Scientists have achieved a photosynthesis breakthrough as they have managed to boost the crop’s growth by an estimated 20 percent.
The team of scientists to have studied and tweaked photosynthesis are part of the University of Illinois and were led by Stephen Long.
A professor of plant biology and crop sciences, Long and his team published their study results in the Science journal.
According to their research, a series of adjustments to a number of three proteins can boost up a crops’ growth by 14 up to 20 percent.
As the world population continues to grow and is estimated to reach a 9.7 billion number by 2050, an increase in food sources and production is highly needed.
The research and studies targeting plant photosynthesis are not new as scientists have for a long time been interested in understanding the process.
Photosynthesis is the natural process through which plants gather and convert carbon dioxide, sunlight, and water into their food sources.
According to studies, the vital plant process is quite inefficient as it utilizes and takes advantage of just 1 percent of the available energy.
The current results come after several years of studies in which the researchers gathered and experimented with various laboratory and field tests.
They also generated computational models which have helped them better understand the natural process.
All these studies pointed towards one of the plant’s most important protection mechanisms and the proteins behind it.
Their computational models suggested that boosting up three of the proteins involved in the photosynthesis process might help plants grow faster.
The team chose to experiment and test their theory on tobacco plants as their genetic structure is more easily modifiable.
As the three proteins were used by the plant so as to protect them from too much sun, the team tweaked them so as to have a faster response time.
Plants have a protection system which regulates how much sun is filtered by their leaves and also helps get rid of the excess energy.
This protection system turns off when a plant is shaded, but it is quite a slow shut down as it may take from 10 minutes to even an hour.

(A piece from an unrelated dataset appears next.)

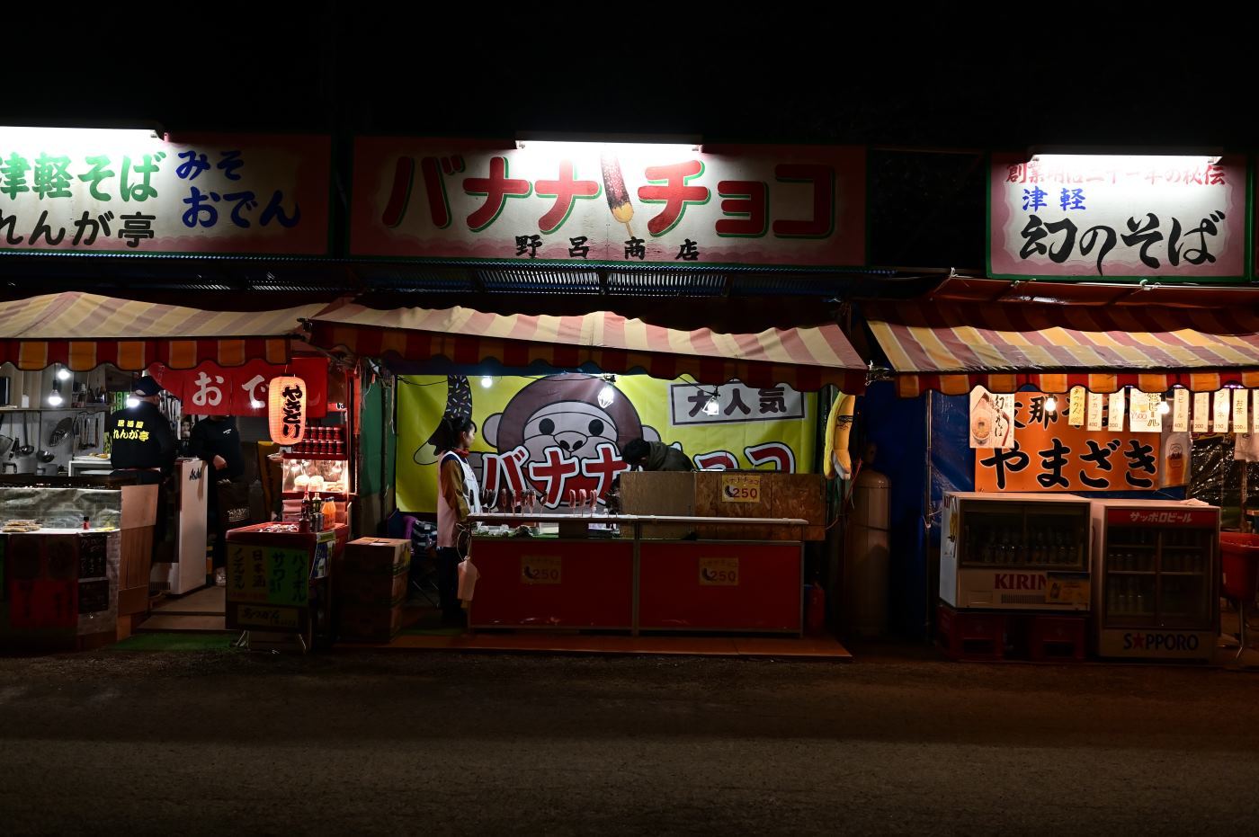 そろそろ時間もなくなってきて帰らねばならない時刻が迫る。ああ、弘前よ。おれは帰ってきた(一年ぶり数十回目)。九分散りのはずなのにいつもの場所から見れば、あれ?満開か??と思うほどの美しい夜桜である。実は花も少し残っているが、あとは「咢(がく)」なのだ。弘前の桜はボリュウムがすごいので、散っても咢があるうちはライトアップされれば赤く浮き立つのである。よく見ればスカスカだし、近寄ればバレる。でも、こうして望遠で離れて圧縮するとけっこうイケる。あの橋の上も人が少ない。圧倒的に花見客はもう少ないのに映える。そこが弘前なのだ。妙にひとりで頷いて帰るのだ。うんうん、いいよ、弘前。
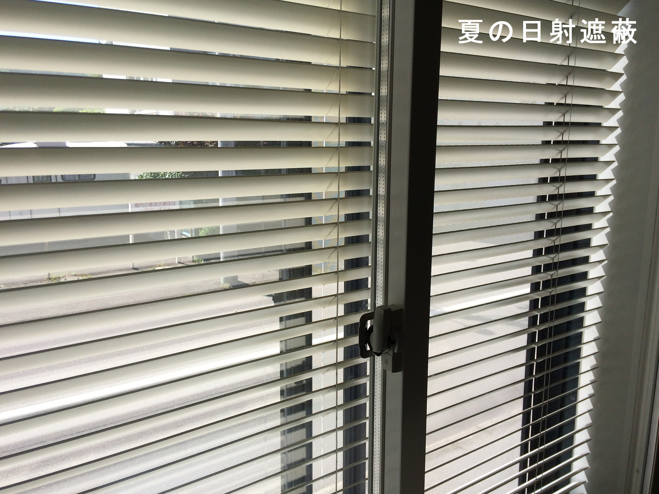 その二重窓間にブラインドを取り付けると、内窓の外側で日射遮蔽でき、日射が直接室内に入ることを抑制するため、夏季の室内温度上昇とエアコン負荷の低減が期待できます。これが、弊社が考案した二重窓間ブラインドという手法です。

As such, professor Long and his team changed the proteins involved in the process and determined their faster adaptation to the light conditions.
With the help of the system, the modified plants could more quickly turn off and also on the respective natural system. A faster switch between the two is believed to help plants gather the most from the sun’s light.
The team grew three tobacco plants using this modified photosynthesis process and gathered the following results. Out of the three, two plants presented a leaf growth increase of 20 percent. The third plant had a smaller increase of just 14 percent.
As this first experiment was a success, Long stated that the method could come to be used in other plants as well.
Seed-oriented plants such as rice and corn should also accommodate to the technique according to the same Long. However, their growth increase might be smaller, of about 10 percent.